Issue elastic#52000 looks like a case of cluster state updates being slower than expected, but it seems that these slowdowns are relatively rare: most invocations of `testDelayWithALargeAmountOfShards` take well under a minute in CI, but there are occasional failures that take 6+ minutes instead. When it fails like this, cluster state persistence seems generally slow: most are slower than expected, with some small updates even taking over 2 seconds to complete. The failures all have in common that they use `WindowsFS` to emulate Windows' behaviour of refusing to delete files that are still open, by tracking all files (really, inodes) and validating that deleted files are really closed first. There is a suggestion that this is a little slow in the Lucene test framework [1]. To see if we can attribute the slowdown to that common factor, this commit suppresses the use of `WindowsFS` for this test suite. [1] https://github.com/apache/lucene-solr/blob/4a513fa99f638cb65e0cae59bfdf7af410c0327a/lucene/test-framework/src/java/org/apache/lucene/util/TestRuleTemporaryFilesCleanup.java#L166
sbourke · Feb 19, 2020 · 6c89d29 · 6c89d29
1 parent 25197e2
commit 6c89d29
Showing 1 changed file with 3 additions and 3 deletions.
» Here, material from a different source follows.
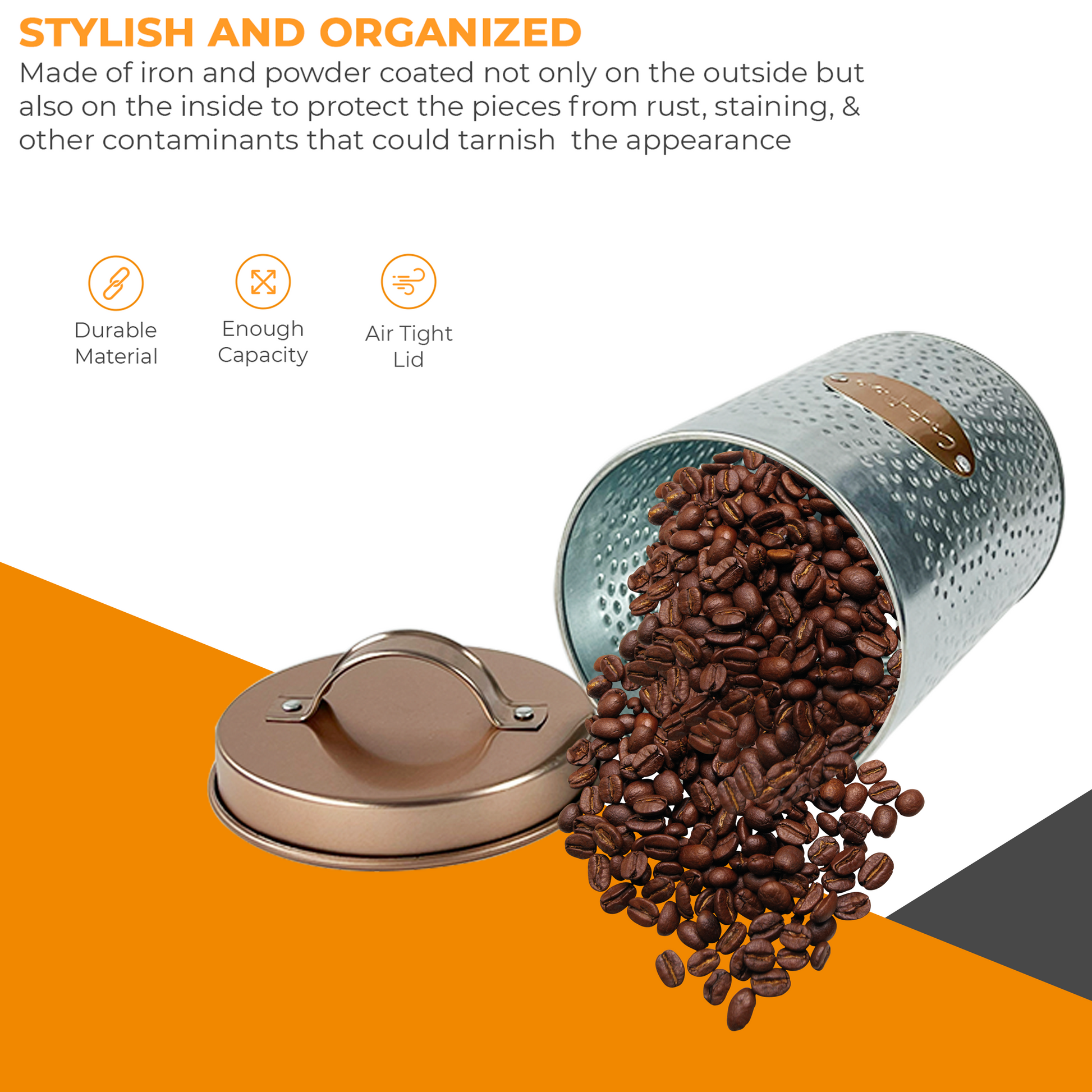 This highly stylish powder-coated stainless steel bread bin has a beautiful copper lid and is the perfect loaf storage box to keep your bread fresh. Its matching sugar tea coffee biscuits set completes the effect. Together the set looks good in any kitchen. It's compact size bread and rolls can be stored in the kitchen to save space.

diff --git a/server/src/test/java/org/elasticsearch/cluster/allocation/ClusterRerouteIT.java b/server/src/test/java/org/elasticsearch/cluster/allocation/ClusterRerouteIT.java
@@ -22,6 +22,7 @@
 import org.apache.logging.log4j.Level;
 import org.apache.logging.log4j.LogManager;
 import org.apache.logging.log4j.Logger;
+import org.apache.lucene.util.LuceneTestCase;
 import org.elasticsearch.action.admin.cluster.health.ClusterHealthResponse;
 import org.elasticsearch.action.admin.cluster.reroute.ClusterRerouteResponse;
 import org.elasticsearch.action.admin.cluster.reroute.TransportClusterRerouteAction;
@@ -57,7 +58,6 @@
 import org.elasticsearch.test.ESIntegTestCase.Scope;
 import org.elasticsearch.test.InternalTestCluster;
 import org.elasticsearch.test.MockLogAppender;
-import org.elasticsearch.test.junit.annotations.TestLogging;
 
 import java.nio.file.Path;
 import java.util.Arrays;
@@ -75,6 +75,8 @@
 import static org.hamcrest.Matchers.equalTo;
 import static org.hamcrest.Matchers.hasSize;
 
+// testDelayWithALargeAmountOfShards does a lot of cluster state updates, and WindowsFS slows it down too much (#52000)
+@LuceneTestCase.SuppressFileSystems(value = "WindowsFS")
 @ClusterScope(scope = Scope.TEST, numDataNodes = 0)
 public class ClusterRerouteIT extends ESIntegTestCase {
     private final Logger logger = LogManager.getLogger(ClusterRerouteIT.class);
@@ -188,8 +190,6 @@ public void testRerouteWithAllocateLocalGateway_enableAllocationSettings() throw
         rerouteWithAllocateLocalGateway(commonSettings);
     }
 
-    @TestLogging(reason = "https://github.com/elastic/elasticsearch/issues/52000",
-        value = "org.elasticsearch.gateway.PersistedClusterStateService:DEBUG,org.elasticsearch.cluster.service.MasterService:DEBUG")
     public void testDelayWithALargeAmountOfShards() throws Exception {
         Settings commonSettings = Settings.builder()
                 .put(ThrottlingAllocationDecider.CLUSTER_ROUTING_ALLOCATION_NODE_CONCURRENT_INCOMING_RECOVERIES_SETTING.getKey(), 1)